DIRECTIONS FOR THIS TASK |
Each line of the data that includes the string "Suffolk" is to be copied out.

STUDY MATERIAL |
-.-.-

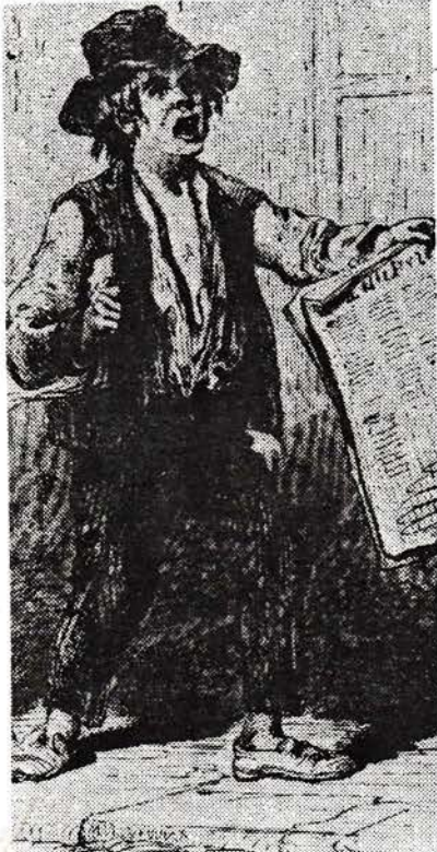
Newsboy making rounds, 1854.
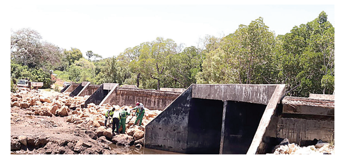
Construction works of the new Funzi island causeway project in Kwale gathers pace.

as the sole link between Funzi Island and Kwale mainland, accommodating pedestrians, cyclists, and vehicles servicing the island's tourism attractions
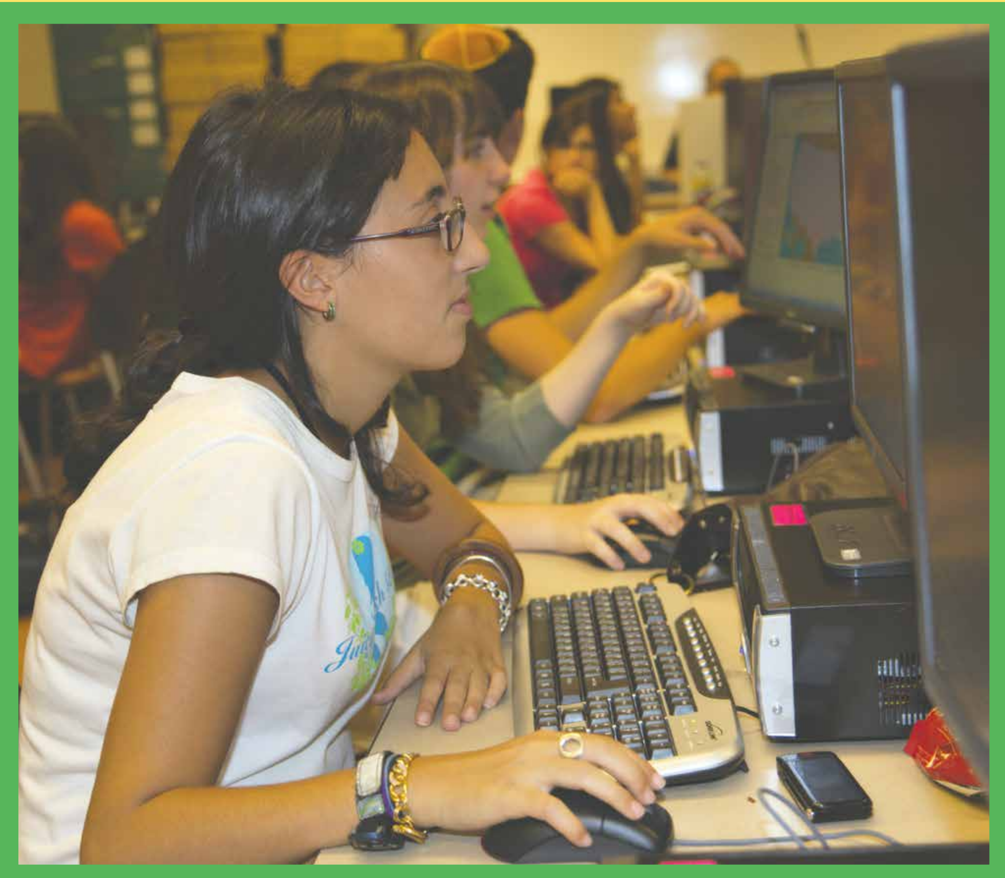
Community Hebrew Academy of Toronto (CHAT) students Toronto, 2007

Knowledge is gained through personal experience, but education teaches the experience of others. Education and learning has been the cornerstone of Jewish life in Ontario for over a century. In the beginning, one-room cheders and Talmud Torahs provided the only formal instruction for Jewish youth, but today there are a myriad of choices from after-school instruction to large Hebrew day schools. Jewish education is a major force in building vital and dynamic Jewish communities around the province.
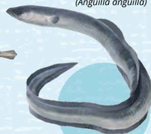
European eel ( Anguilla anguilla )
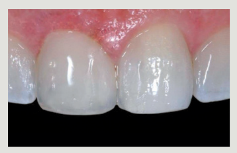
Clinical case, before and after, with BEAUTIFIL II Enamel
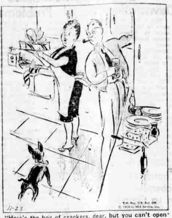
"Here's the box of crackers, dear, but you can't openit till after our club meeting. It's my entry in the gift wrapping contest!"
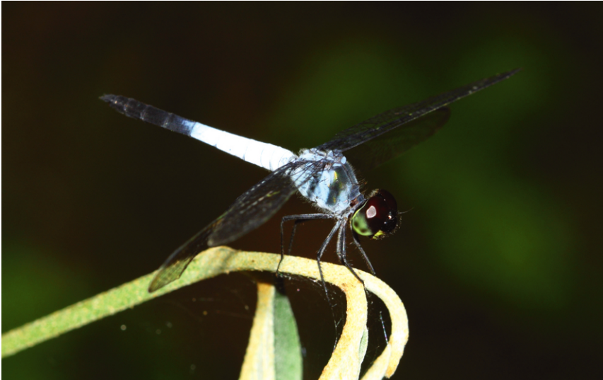
Figure 9. Brachydiplax farinosa A male, photograph by C.Y. Choong.
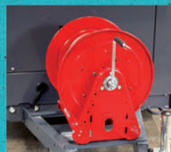
Single Hose Reel Kit
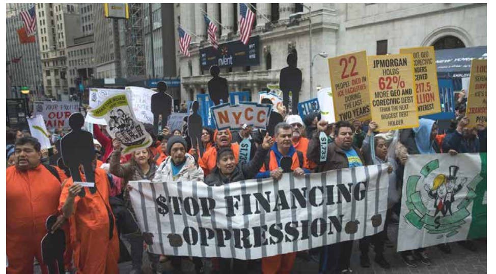
Demonstrators demand that Wall Street stop bankrolling private prisons, New York, May 1, 2018.

In the coming fight against the next Trump administration, workers need to unite against attacks on our migrant/immigrant siblings and for the jobs and education that everyone needs. □
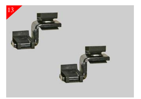
Next place supplied u-clips on both ends of the supplied brackets as shown.
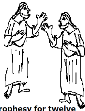
Prophesy for twelve hundred and sixty days, clothed in sackcloth

The past three and one-half years have been difficult for the nation of Israel here on earth with no food, no rain, and no help from the surrounding countries. Israel's trouble has been brought about by the two witnesses who have been pointing people to the LORD, calling for a solemn assembly of the entire nation before the LORD, but the nation has rejected their message and hated the two men.
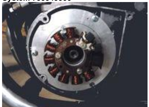
Advantages compared to the old system:
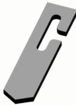
RDS-SD18 Stud Weld T-Slot Stand-off (AR-263, RA-18)
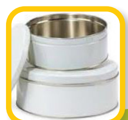
Chocolate and Biscuit Tins
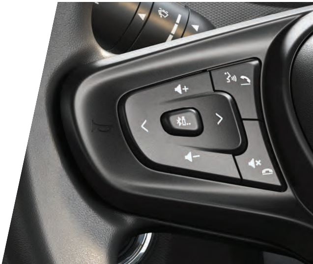
STEERING MOUNTED CONTROLS
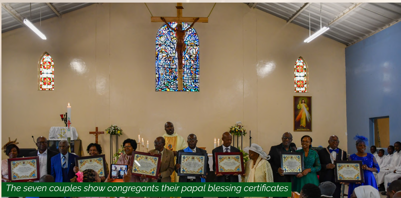
The seven couples show congregants their papal blessing certificates
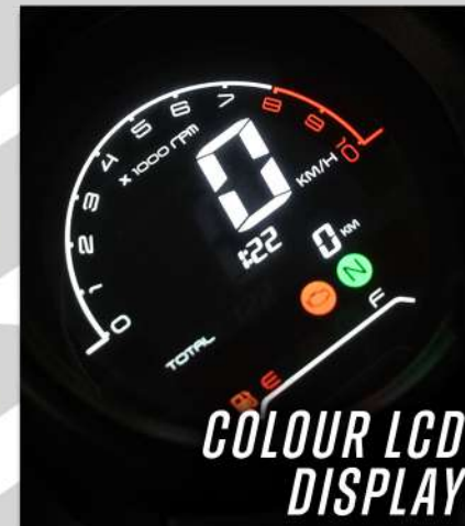
COLOUR LCD DISPLAY
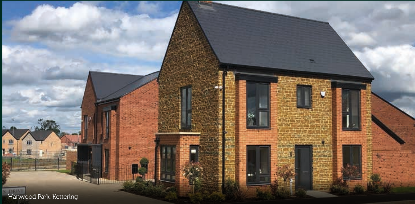
Hanwood Park, Kettering
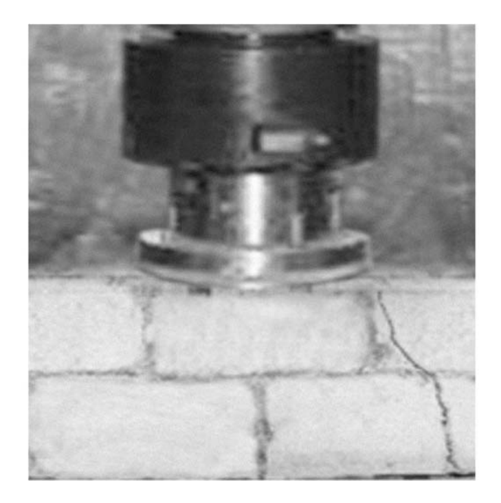
Figure (3): Shear Failure for Beam Tests.
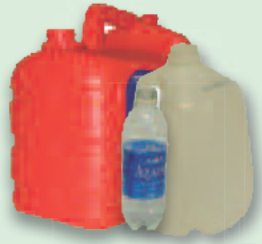
Plastic bottles & jugs
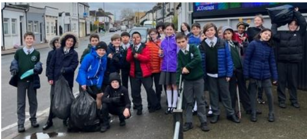
6H went on their Lent Appeal Sponsored Litter Pick today. They filled five bin bags of rubbish from the streets in our local community!
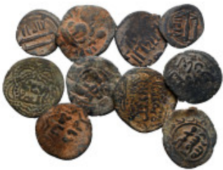
1745 Lot of ca. 10 islamic bronze coins / SOLD AS SEEN, NO RETURN! nearly very fine 10
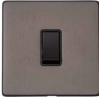
D.P. Switch X09.105.BK
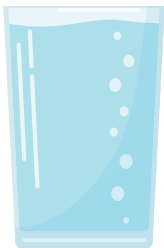
take a drink
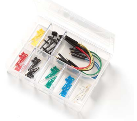
Model 72902 Micro SMD Grabber Test Clips Kit
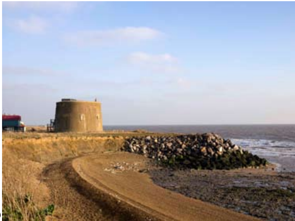
Figure 4: A Photograph of Tower W, Bawdsey, Suffolk (NMR: DP046352)

Tower X, Bawdsey, Suffolk, (NGR: TM 3580 4024) was built with a large ditch surrounding it. There were no traces of this tower surviving; it has been lost due to a combination of coastal erosion, and changing landuse such as the creation of lakes in this area. A coping stone was noted adjacent to this site in 1991 by Robert Carr of Suffolk County Council.
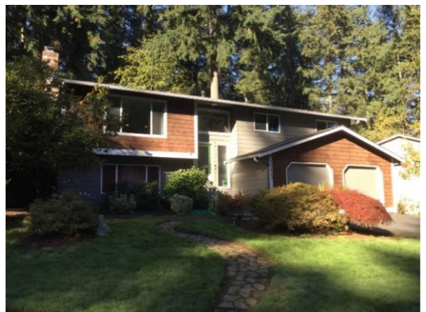
Grade 8/ Year Built 1989/ Total Living Area 2,740sf
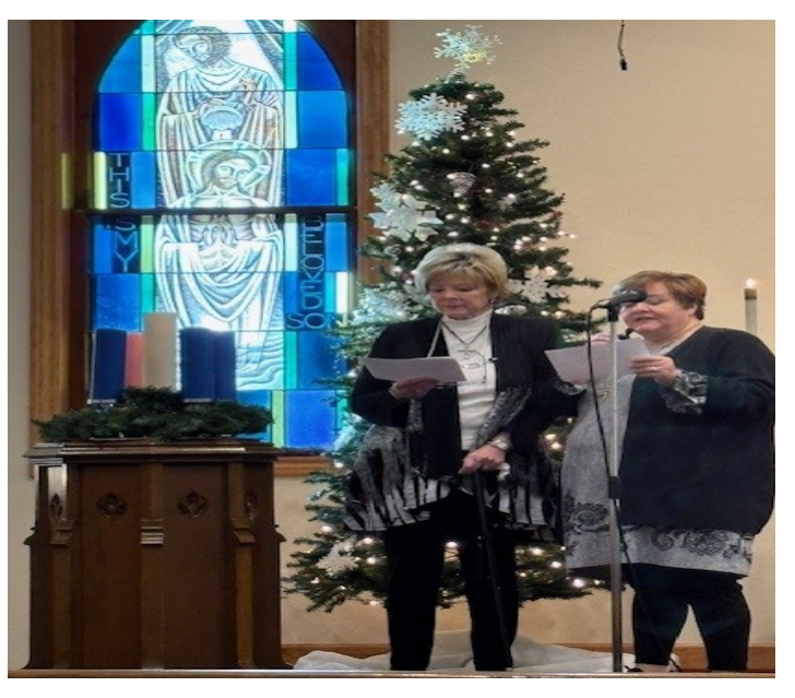
Second Advent Candle Lighting
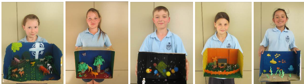
3/4 Class with their Dioramas
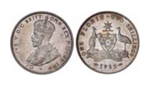
1014^{\ast} George V, 1925 and 1927. Some mint bloom, extremely fine. (2) $$300
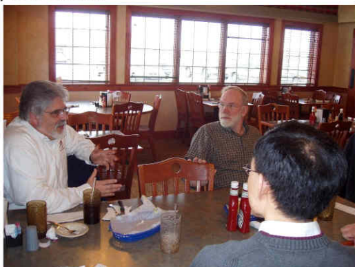
an opportunity for discussion
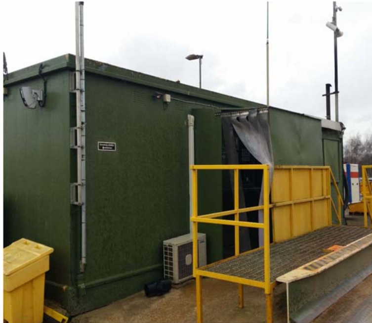
Photograph 3. Weighbridge. Drivers' entrance lighting
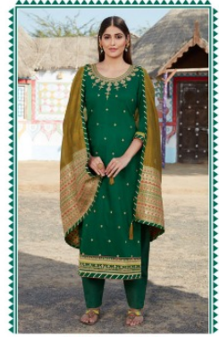
D No :- 5764
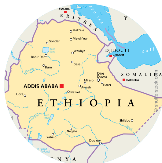
Ethiopia's export and import trends, in USD million

Due to its large population, Ethiopia has the potential to be among Africa's biggest domestic markets. The country's proximity to the Middle East presents further prospective market opportunity. Furthermore, due to its location in the horn of Africa, Ethiopia enjoys a strategic location to connect Africa, Europe, the Middle East and Asia.
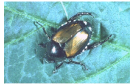
Japanese beetle adult on soybean leaf.

Japanese beetles are common, but seldom an economic problem in soybean production in Michigan. Although, Japanese beetle larvae are increasingly becoming a problem in Michigan crops. Large numbers of Japanese beetles frequently gather in soybean fields during late July and August (13). The adults feed on leaf tissue between veins giving a 'skeletonized' appearance (3).
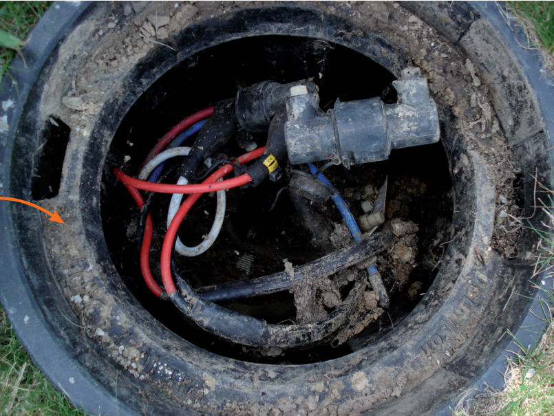
K199 - Installation in a pit

SEE SHEET INSTALLATION / LV insulated toolings
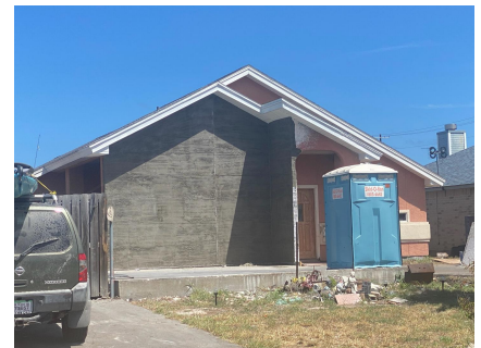
15218 Reales Dr. before & after
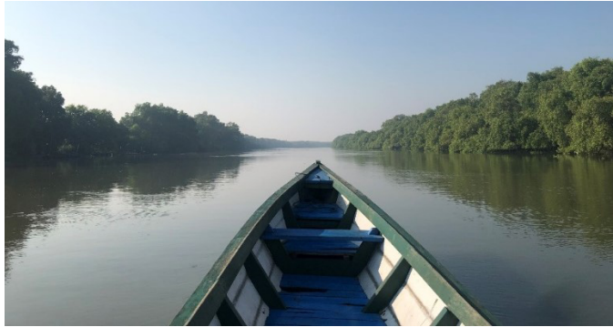
Fig. 6. Boating on Kepetingan estuary as one of the ecotourism product
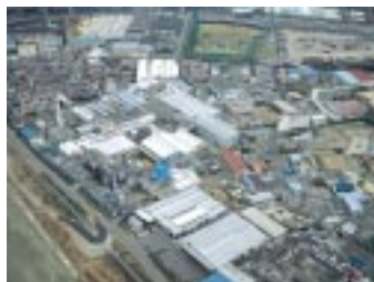
Izumiohtsu Factory (Ohtsu Tire)
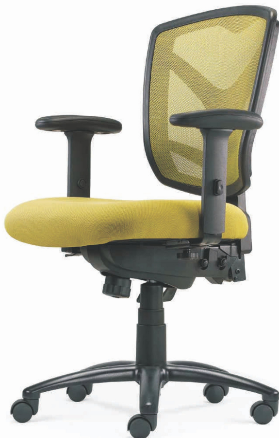
Mid-back swivel chair with PU adjustable Armrest & die-cast aluminium base 628 TQ A63 BB
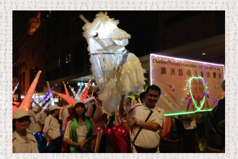
CNY Parade 2015
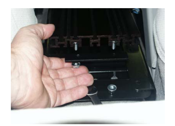
Attach rear extrusion bracket to 12" portion of extrusion using (2) ¼-20 x ¾" bolts and serrated nut
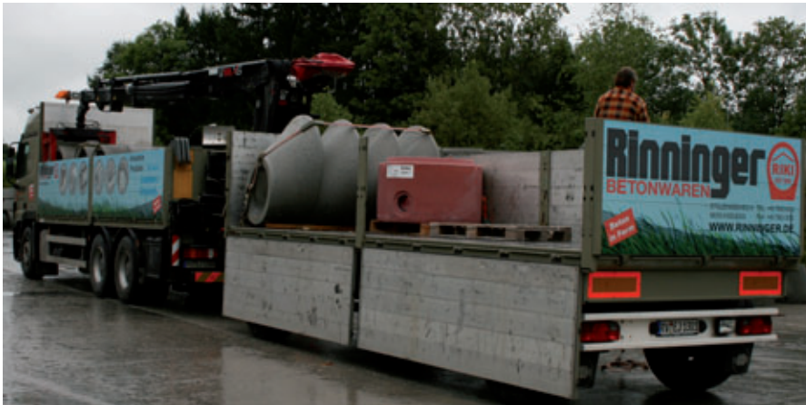
With 25 vehicles of its own, Rinninger is able to accommodate special customer requests at very short notice

ced in comparison with conventional manhole systems. Thanks to this innovation, errors during the installation on the building site are virtually impossible.
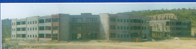
Progress of KORT's New Education Complex Picture Taken April 2013
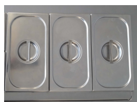
Different combinations of GN basins Examples: M40: 1xGN 1/1 o 3xGN1/3 M80: 3xGN1/3 + 1xGN 1/1
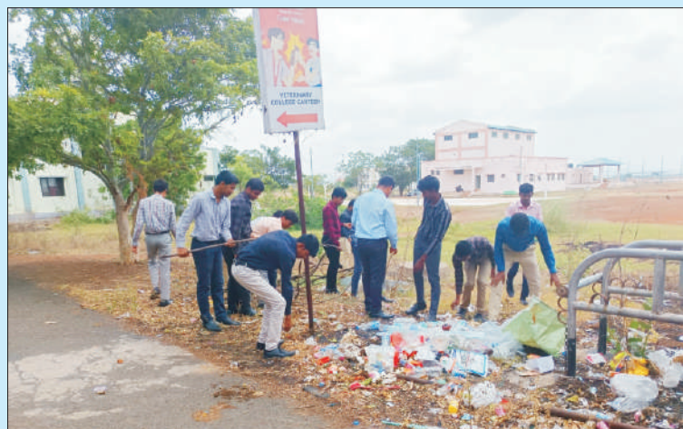
Plastic Waste Collection in College Premises
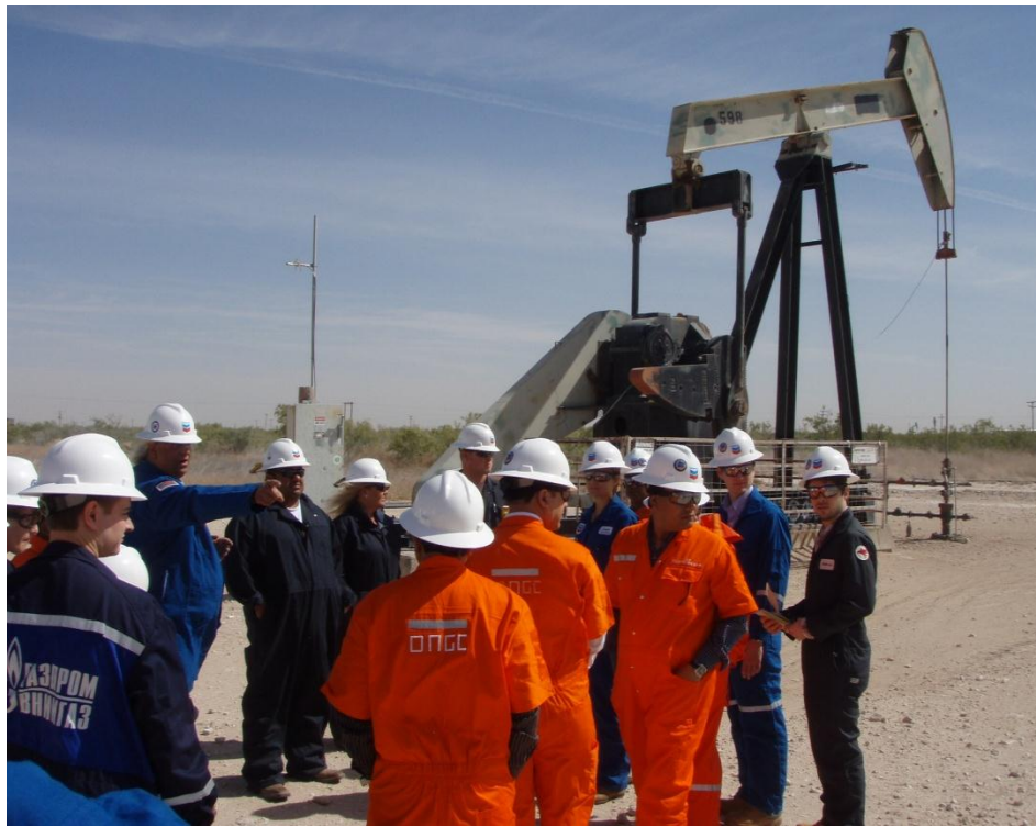
Exhibit 4: Study tour participants at an oil well using a sucker rod pump.
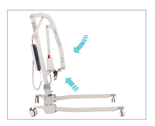
1. Bring the boom down and secure the handlebar on the wire harness.

-.-.-

EXERCISE SOLUTION |
Figure 4: A Photograph of Tower W, Bawdsey, Suffolk (NMR: DP046352)
Tower X, Bawdsey, Suffolk, (NGR: TM 3580 4024) was built with a large ditch surrounding it. There were no traces of this tower surviving; it has been lost due to a combination of coastal erosion, and changing landuse such as the creation of lakes in this area. A coping stone was noted adjacent to this site in 1991 by Robert Carr of Suffolk County Council.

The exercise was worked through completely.